The indictment states that Peklo, acting on behalf of the FDIC, accepted $97,000 in several cash payments from the owner of Marina Cordae, Anthony Cordae, for Peklo's assistance in ensuring that the FDIC would sell the property to Cordae.
According to the indictment, Peklo also embezzled an insurance settlement check for extensive water damage that occurred when a fire sprinkler discharged in the marina's restaurant several months before the bank closed. Acting for the FDIC, Peklo settled the insurance claim for $138,500 while the marina was being prepared for sale by the FDIC.
He allegedly forwarded the settlement check to an attorney in Georgia, described as Peklo's business partner, who deposited the check into his escrow account and wired the money back to a Washington, D.C., bank account held by Telcontrol, a corporation owned by Peklo. The indictment states that Peklo withdrew the money from this account over the next several months.
If convicted on all five counts, Peklo faces up to 37 years in prison and more than $1 million in fines.
An indictment is merely an accusation. The defendant is presumed innocent unless proven guilty.

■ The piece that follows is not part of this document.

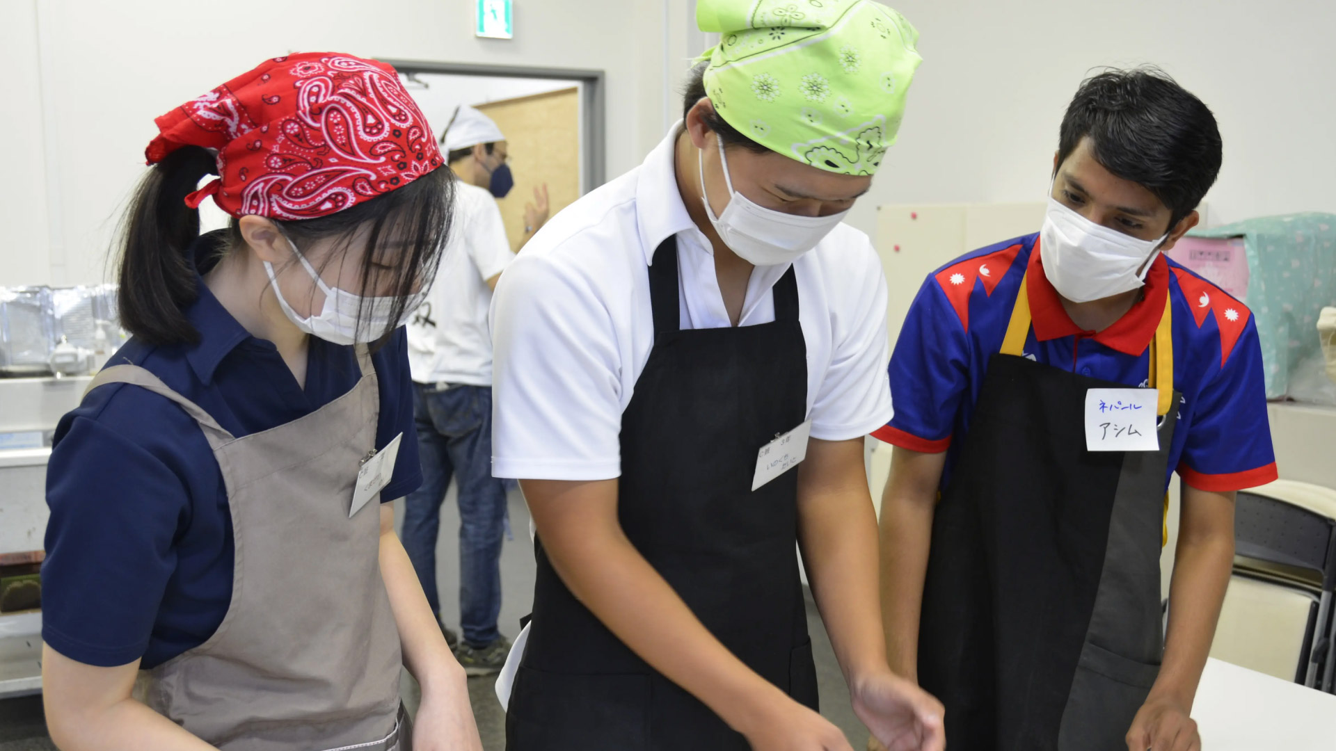 9/18(木)に法人内にあります「日本語学科」の留学生と【たこ焼き&味噌汁】を3班(クラーク生3名+留学生3名×3班)に分かれて異文化交流(調理)を行いました(^^♪
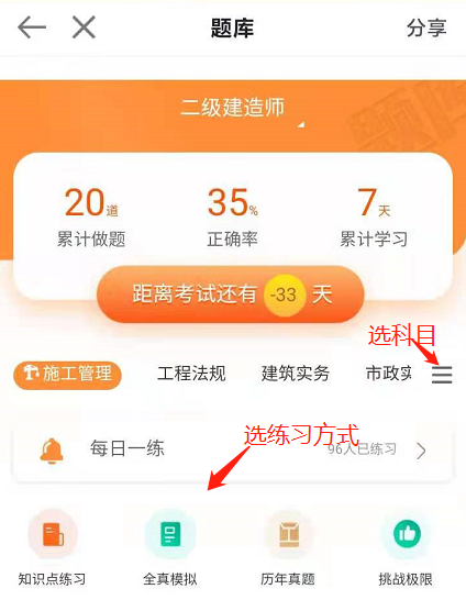2、進(jìn)入題庫,選擇考試科目和練習(xí)方式。

This case was investigated by the FDIC's Office of Inspector General and the U.S. Postal Inspection Service.
Congress created the Federal Deposit Insurance Corporation in 1933 to restore public confidence in the nation's banking system. The FDIC insures deposits at the nation's 11,337 banks and savings associations and it promotes the safety and soundness of these institutions by identifying, monitoring and addressing risks to which they are exposed.